-- Exercise --
At the line containing "4、租客入住后進入房間界面,選擇廁所的對", begin an exact copy, and continue through the last line of the entries below. Leave out any pictures.

-- Excerpted data --
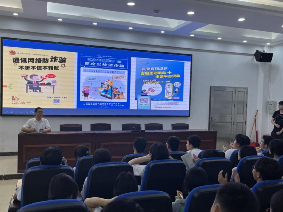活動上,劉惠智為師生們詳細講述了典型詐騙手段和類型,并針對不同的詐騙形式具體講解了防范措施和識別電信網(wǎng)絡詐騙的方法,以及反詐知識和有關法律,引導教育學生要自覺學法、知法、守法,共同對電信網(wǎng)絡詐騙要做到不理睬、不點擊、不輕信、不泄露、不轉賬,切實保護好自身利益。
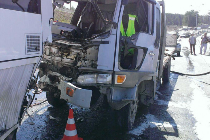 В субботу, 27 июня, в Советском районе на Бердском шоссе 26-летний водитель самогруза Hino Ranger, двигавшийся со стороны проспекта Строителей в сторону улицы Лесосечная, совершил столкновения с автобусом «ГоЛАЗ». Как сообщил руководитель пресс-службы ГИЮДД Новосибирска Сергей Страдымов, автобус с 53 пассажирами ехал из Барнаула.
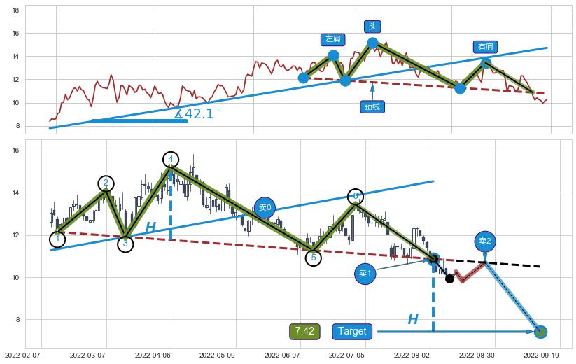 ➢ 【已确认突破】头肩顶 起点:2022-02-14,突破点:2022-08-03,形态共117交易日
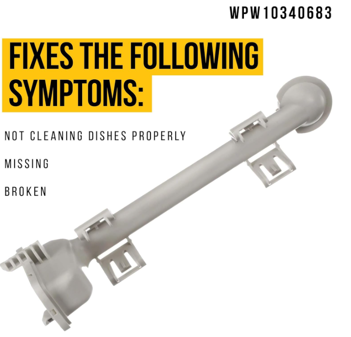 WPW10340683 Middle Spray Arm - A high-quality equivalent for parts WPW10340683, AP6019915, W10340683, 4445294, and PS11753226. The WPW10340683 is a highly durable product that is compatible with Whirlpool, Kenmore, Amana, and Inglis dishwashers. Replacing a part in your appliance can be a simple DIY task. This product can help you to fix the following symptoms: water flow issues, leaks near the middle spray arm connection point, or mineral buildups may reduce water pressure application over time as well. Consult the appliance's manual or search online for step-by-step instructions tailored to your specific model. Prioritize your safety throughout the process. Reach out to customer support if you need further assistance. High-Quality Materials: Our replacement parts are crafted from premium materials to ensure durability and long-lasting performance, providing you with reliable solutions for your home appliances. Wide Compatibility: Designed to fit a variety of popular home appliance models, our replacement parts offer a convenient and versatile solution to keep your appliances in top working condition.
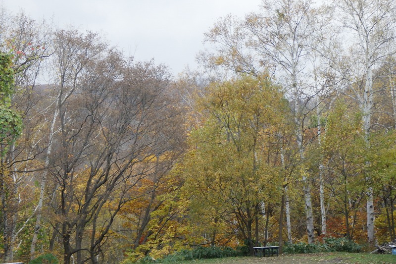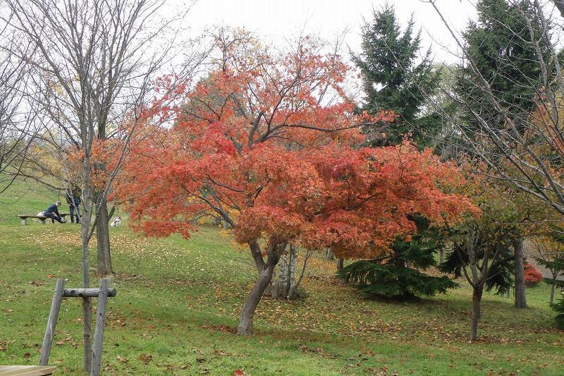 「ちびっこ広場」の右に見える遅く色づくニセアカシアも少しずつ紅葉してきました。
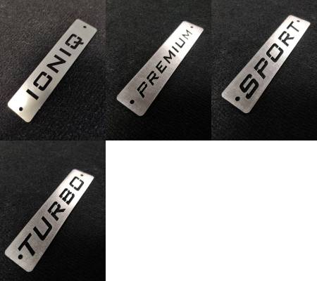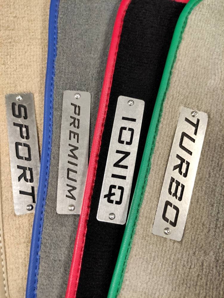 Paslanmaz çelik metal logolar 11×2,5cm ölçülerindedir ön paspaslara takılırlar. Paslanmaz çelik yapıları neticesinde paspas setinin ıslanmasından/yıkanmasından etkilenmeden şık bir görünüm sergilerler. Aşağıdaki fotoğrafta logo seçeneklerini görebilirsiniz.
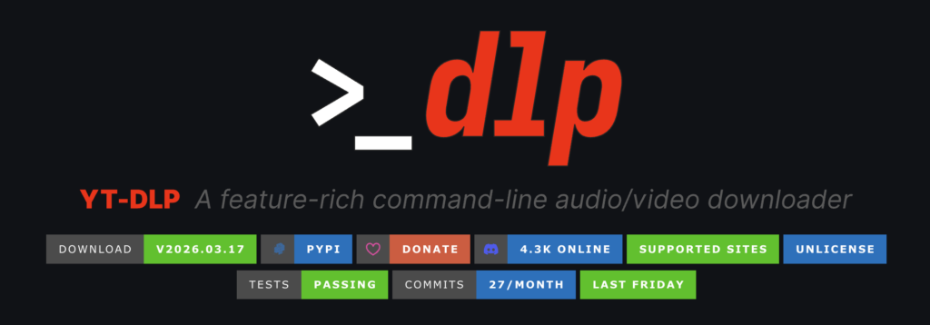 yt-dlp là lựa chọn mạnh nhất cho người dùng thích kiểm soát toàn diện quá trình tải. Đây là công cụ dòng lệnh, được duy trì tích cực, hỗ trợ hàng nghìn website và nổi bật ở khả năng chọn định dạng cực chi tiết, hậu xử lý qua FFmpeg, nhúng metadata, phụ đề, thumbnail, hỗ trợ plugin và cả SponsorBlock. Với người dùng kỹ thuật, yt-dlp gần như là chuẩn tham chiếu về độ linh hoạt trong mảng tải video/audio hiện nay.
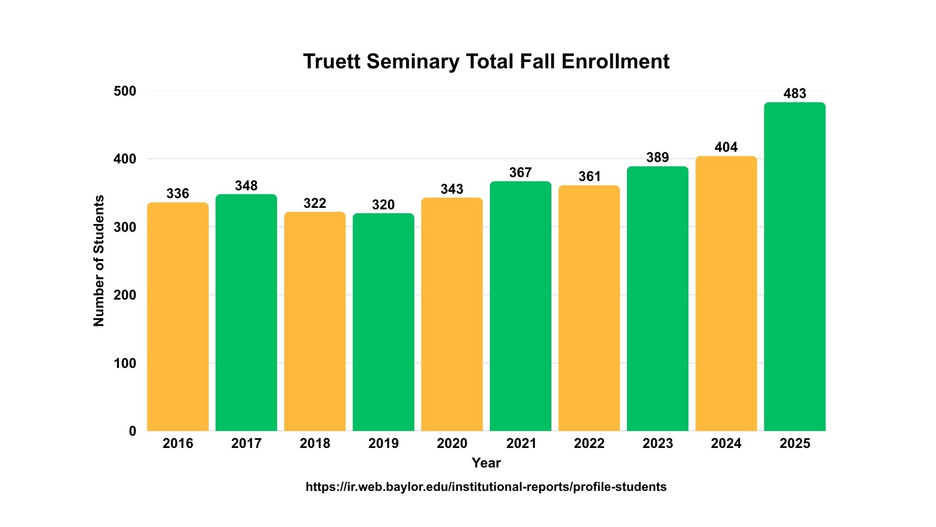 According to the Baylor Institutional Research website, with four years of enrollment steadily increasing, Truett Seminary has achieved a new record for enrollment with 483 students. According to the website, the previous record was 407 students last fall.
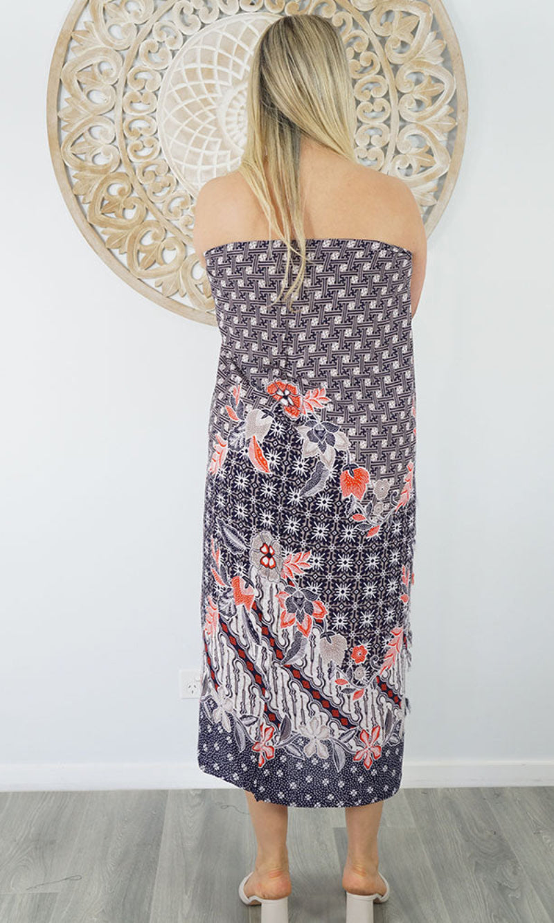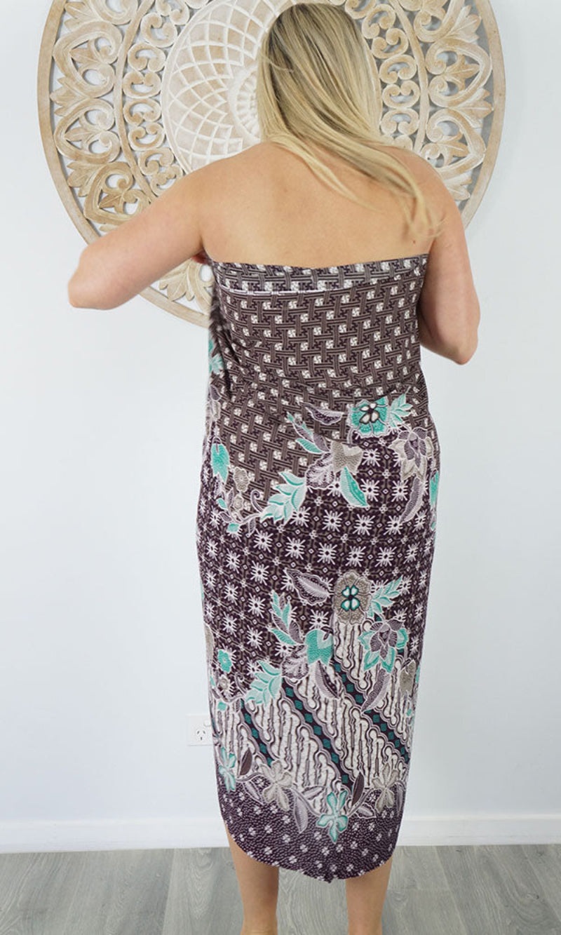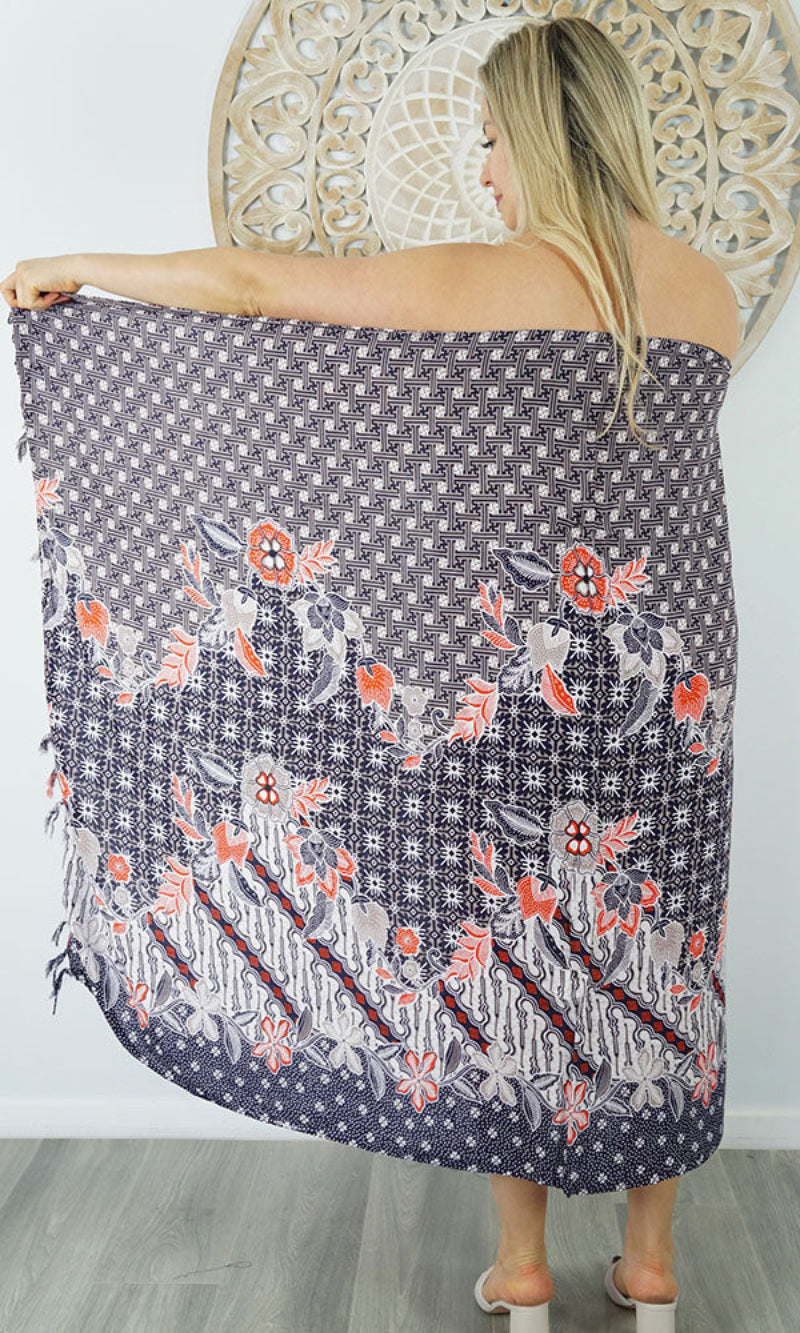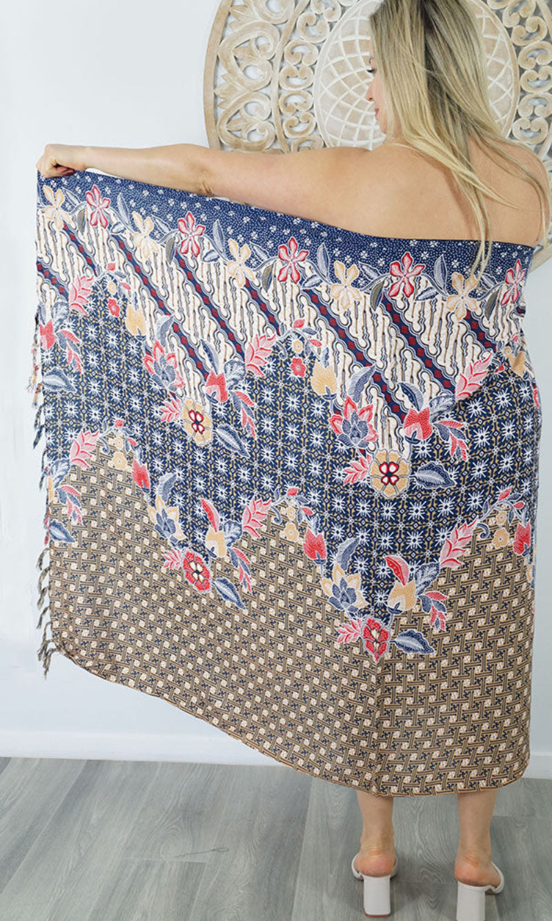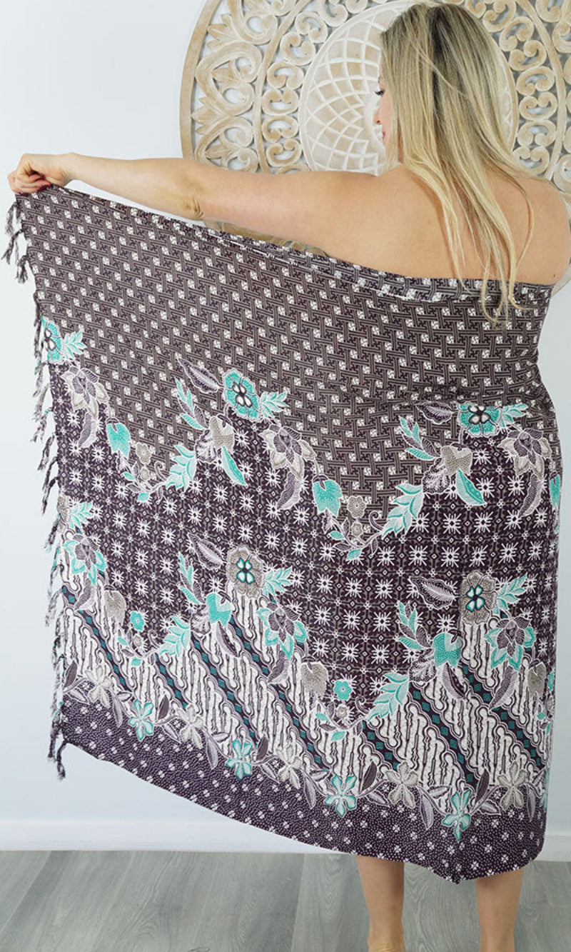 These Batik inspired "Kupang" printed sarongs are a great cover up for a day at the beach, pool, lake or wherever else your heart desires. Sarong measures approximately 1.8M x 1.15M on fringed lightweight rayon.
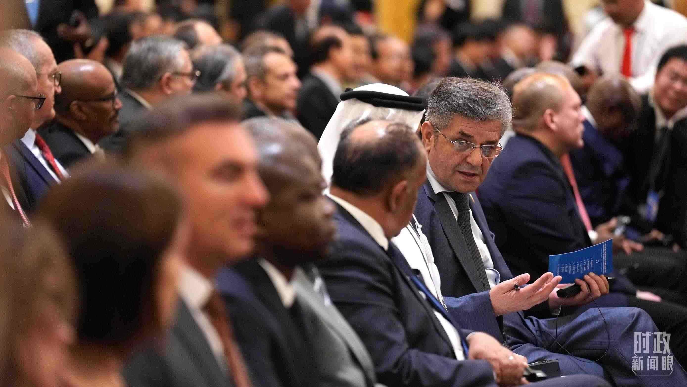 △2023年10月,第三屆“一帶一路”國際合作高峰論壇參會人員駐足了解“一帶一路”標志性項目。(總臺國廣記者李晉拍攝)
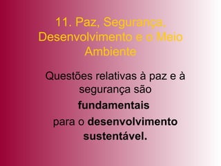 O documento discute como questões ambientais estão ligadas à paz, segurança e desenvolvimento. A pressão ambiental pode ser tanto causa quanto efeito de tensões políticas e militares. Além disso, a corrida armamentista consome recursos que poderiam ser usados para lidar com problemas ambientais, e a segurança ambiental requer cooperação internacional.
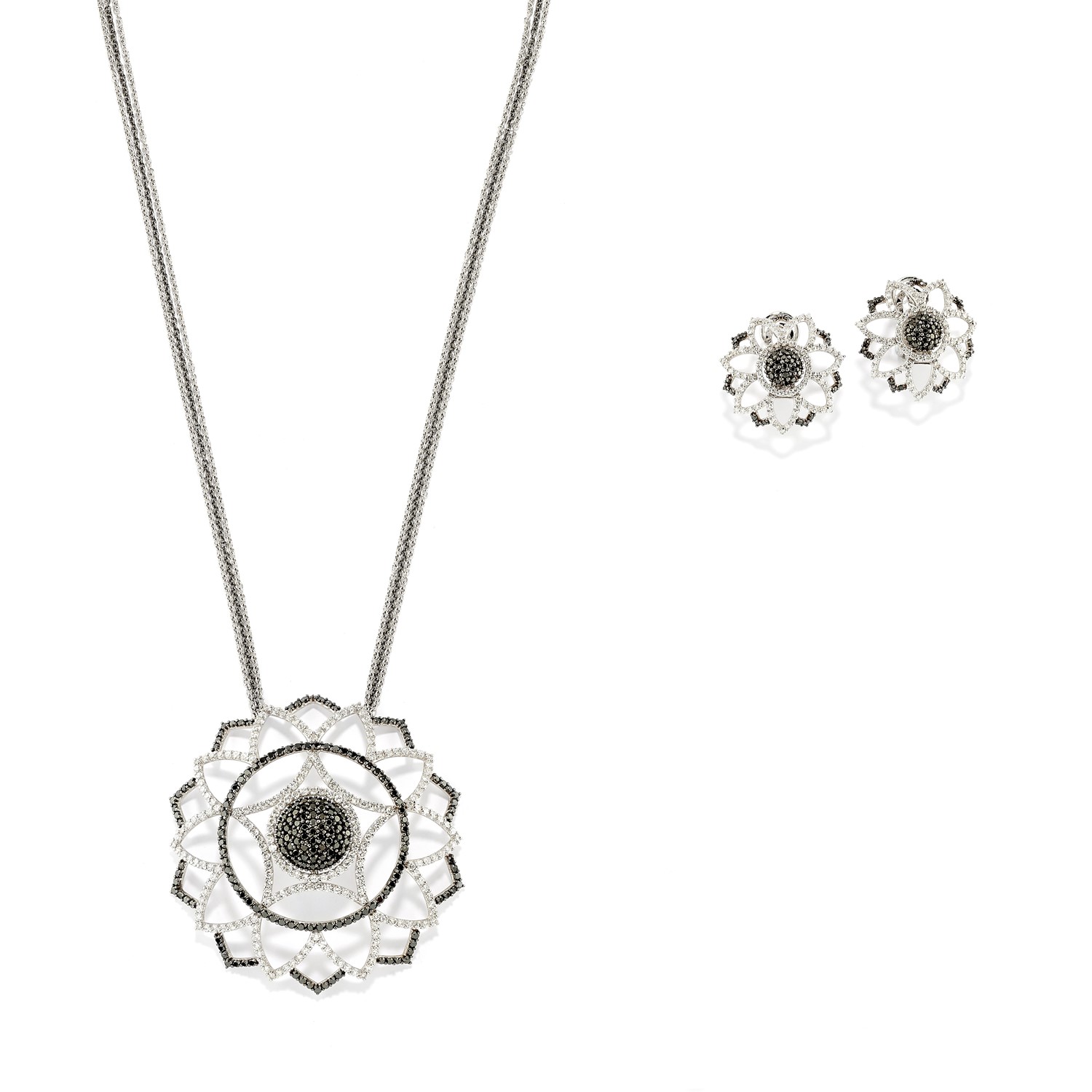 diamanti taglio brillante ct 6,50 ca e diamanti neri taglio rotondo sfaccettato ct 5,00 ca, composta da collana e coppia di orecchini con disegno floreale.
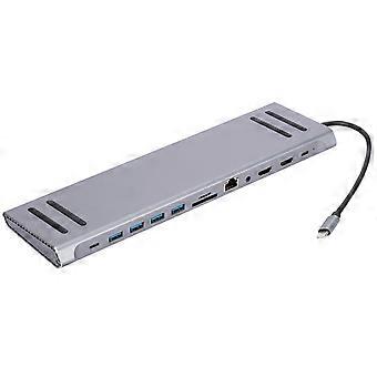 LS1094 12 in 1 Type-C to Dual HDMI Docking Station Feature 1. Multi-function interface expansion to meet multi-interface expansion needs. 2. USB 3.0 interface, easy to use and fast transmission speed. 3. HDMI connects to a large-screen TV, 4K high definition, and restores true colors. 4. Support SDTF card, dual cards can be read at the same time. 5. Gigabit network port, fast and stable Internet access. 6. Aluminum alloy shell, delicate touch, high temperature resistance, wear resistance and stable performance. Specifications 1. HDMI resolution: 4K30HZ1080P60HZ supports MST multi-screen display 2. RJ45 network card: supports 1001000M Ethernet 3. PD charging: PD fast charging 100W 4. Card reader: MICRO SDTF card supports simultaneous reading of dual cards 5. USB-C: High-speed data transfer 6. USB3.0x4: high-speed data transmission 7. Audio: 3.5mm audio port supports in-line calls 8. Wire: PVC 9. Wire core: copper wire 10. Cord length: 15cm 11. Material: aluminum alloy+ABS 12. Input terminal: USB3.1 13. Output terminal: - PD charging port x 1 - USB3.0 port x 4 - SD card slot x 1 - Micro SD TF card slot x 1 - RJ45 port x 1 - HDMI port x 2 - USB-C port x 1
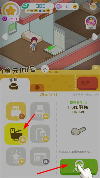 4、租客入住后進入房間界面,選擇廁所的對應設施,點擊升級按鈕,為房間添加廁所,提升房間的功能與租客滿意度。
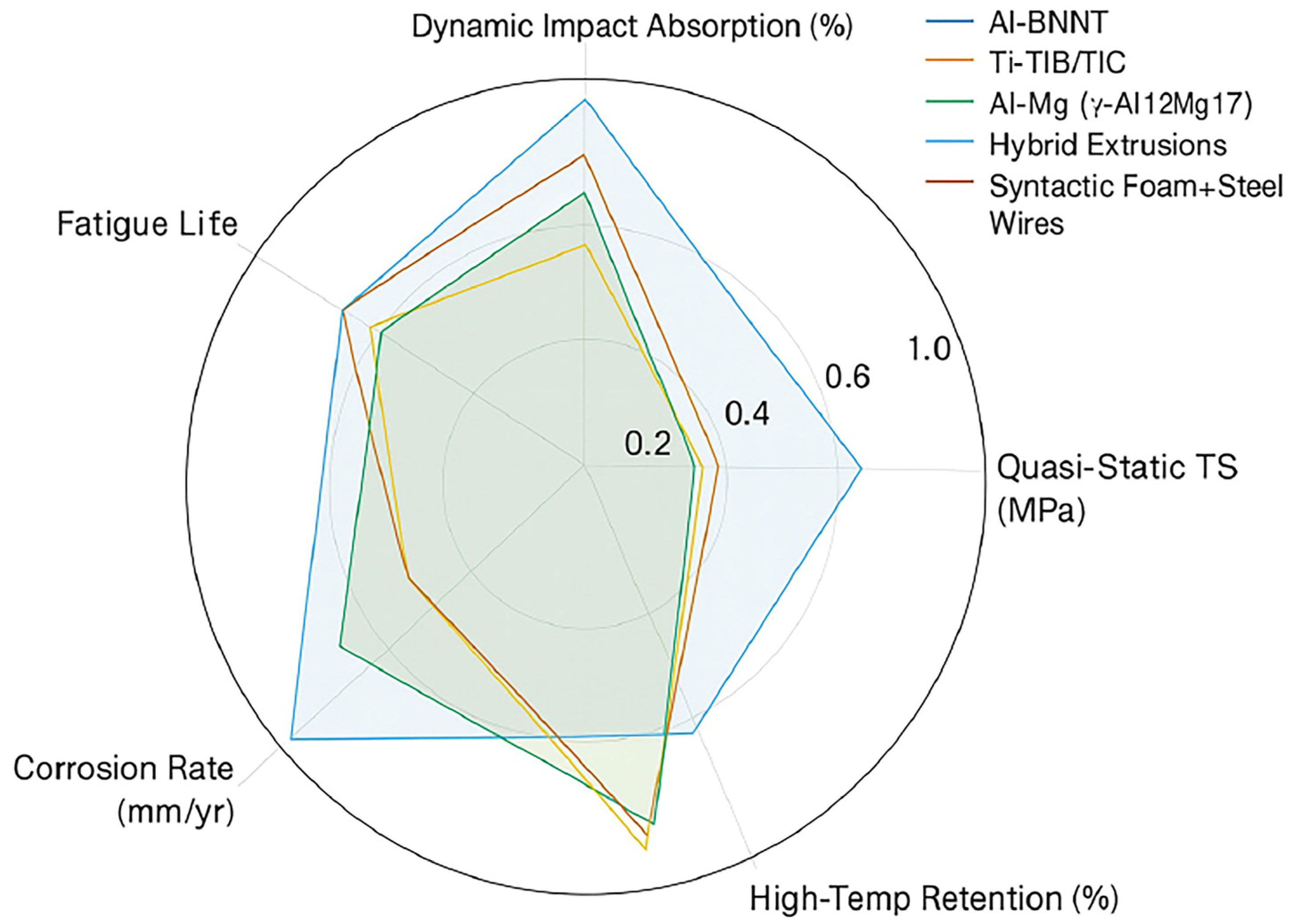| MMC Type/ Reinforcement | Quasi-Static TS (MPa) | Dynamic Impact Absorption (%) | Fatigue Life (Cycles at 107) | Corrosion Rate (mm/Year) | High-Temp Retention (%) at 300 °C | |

-- Result --
 4、租客入住后進入房間界面,選擇廁所的對應設施,點擊升級按鈕,為房間添加廁所,提升房間的功能與租客滿意度。
| MMC Type/ Reinforcement | Quasi-Static TS (MPa) | Dynamic Impact Absorption (%) | Fatigue Life (Cycles at 107) | Corrosion Rate (mm/Year) | High-Temp Retention (%) at 300 °C | |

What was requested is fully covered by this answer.